Britt Neal
Longtime student<
I met Ann in the Spring of 2006. I’d been in NY for a few months and was introduced to Ann through word of mouth.
She is an incredible force. I am grateful for the day that I met Ann, because she’s had a huge impact on me, both musically and personally. I have taken music classes before, but they were so theoretical. With Ann, it’s about hands-on and applied knowledge, and this is exactly what I needed. She’s all about having the skill set you need, the musicianship, to be useful. The whole point of her classes is to talk about music, but it bleeds into your personal life as well, in terms of being a valuable person and making a contribution to the world at large. She has had a huge positive impact on me, even through what has been a “kick in the pants.”
When I moved to NY, I was a Southern girl. Ann very quickly made me realize that, in New York, I was surrounded by a group of people who were just as talented as I am. It wasn’t necessarily what I wanted to hear.

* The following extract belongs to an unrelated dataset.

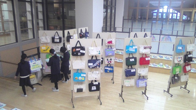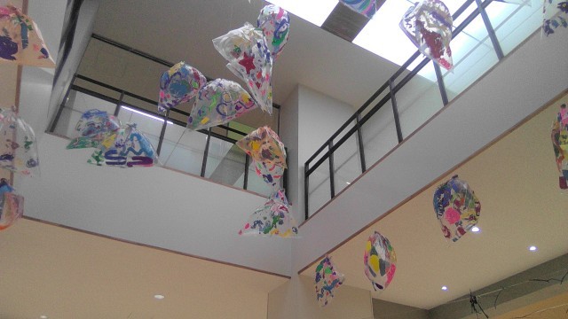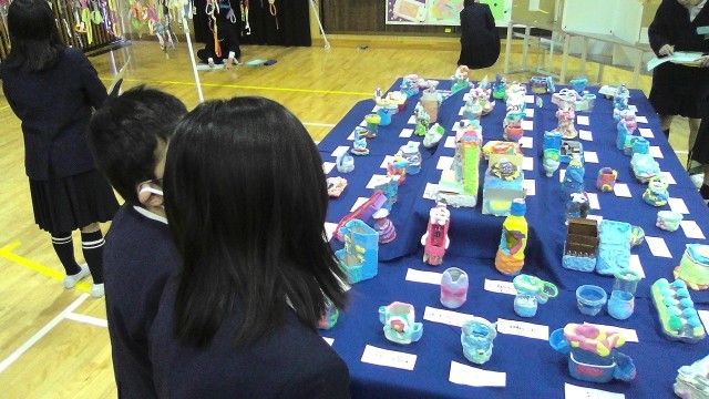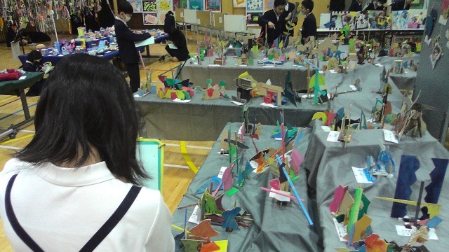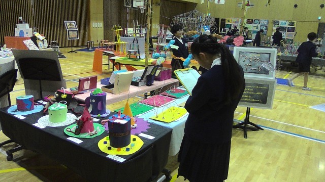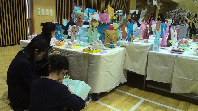 アリーナには全学年の作品が展示されています。

With Ann, it’s all about the process. It’s about recognizing that there is a journey, not about arriving. One of the things about music is that it’s never completed. It’s constantly evolving. There’s always more that you can do, more that you can express. She has gotten me to step back and assess what I am doing and why I am doing it. She’s helped me to become a better piano player, to try to quit riding the pedal. She’s helped me write out lead sheets and understand the value of what I am doing on paper. And even though I don’t always understand why she is telling me to do these things at first, inevitably I come to understand.
Now I am recording an album and am picking up session musicians. If I have lead sheets-- guess what?-- they can just step in and play. What she tells me always comes around to be truthful. It all comes around full circle eventually.
I practice my music every day now. She has helped me to realize the value of that. When you actually do it, it makes a big difference.
With Ann, prepare yourself for a ride. She is such a grounding force, it’s hard to appreciate it at first. People have to be able to appreciate the fact that you have someone with great experience and a resume to kill for. A lot of people come in with the expectation that she is going to discover them and make the right phone call. And eventually, that’s kind of what she does, but not in the way that people might expect. She hasn’t called up the head of the record label and said, “You need to sign Britt right now.” And that’s a good thing, because I definitely wasn’t ready for that, unbeknownst to me. But what she has done is to gradually introduce me to a huge network of people.
Ann is traditional in a lot of ways, about the core of what music is about. If we stray too far from that core, we are going into that area of what is bringing the music industry down. It’s easy to get caught up in what is happening with the digital age. But it comes down to this: if you can’t play, you can’t play. She teaches us how to have that staying power, in order to have heels to fall back on. She shows how to send out email blasts. She stays current, but she focuses on the core. In the flurry of everything that’s happening, people lose sight of the core of music, which is to practice every day.
She’s my teacher, but it’s more than that. She’s more like a den mother for young, up-and-coming musicians.
Her legacy is being that embracing person that takes you in and supports you in the kick-in-the-pants kind of way. Her way of loving me is to tell me to quit riding the pedal. Her way of making me a better person is telling me that I need to play my song in every key. It’s tough love. But I know that’s what I need. She challenges and pushes me to be better. One of the first times that she met me, she cornered me and said, “I think that no one has really pushed you before.” To have that tough love is actually what I needed. It’s hard to swallow, but there are very few people that can do that, so effectively, and in such a supportive way.
I know that she would do anything she could to help me, and that she is always going to do what is in my best interest. It always takes a few months to ingest what she is telling me. But she turns out to be right.
“If you don’t love me,” Ann always says, “You’re wrong, and I refuse to be offended.”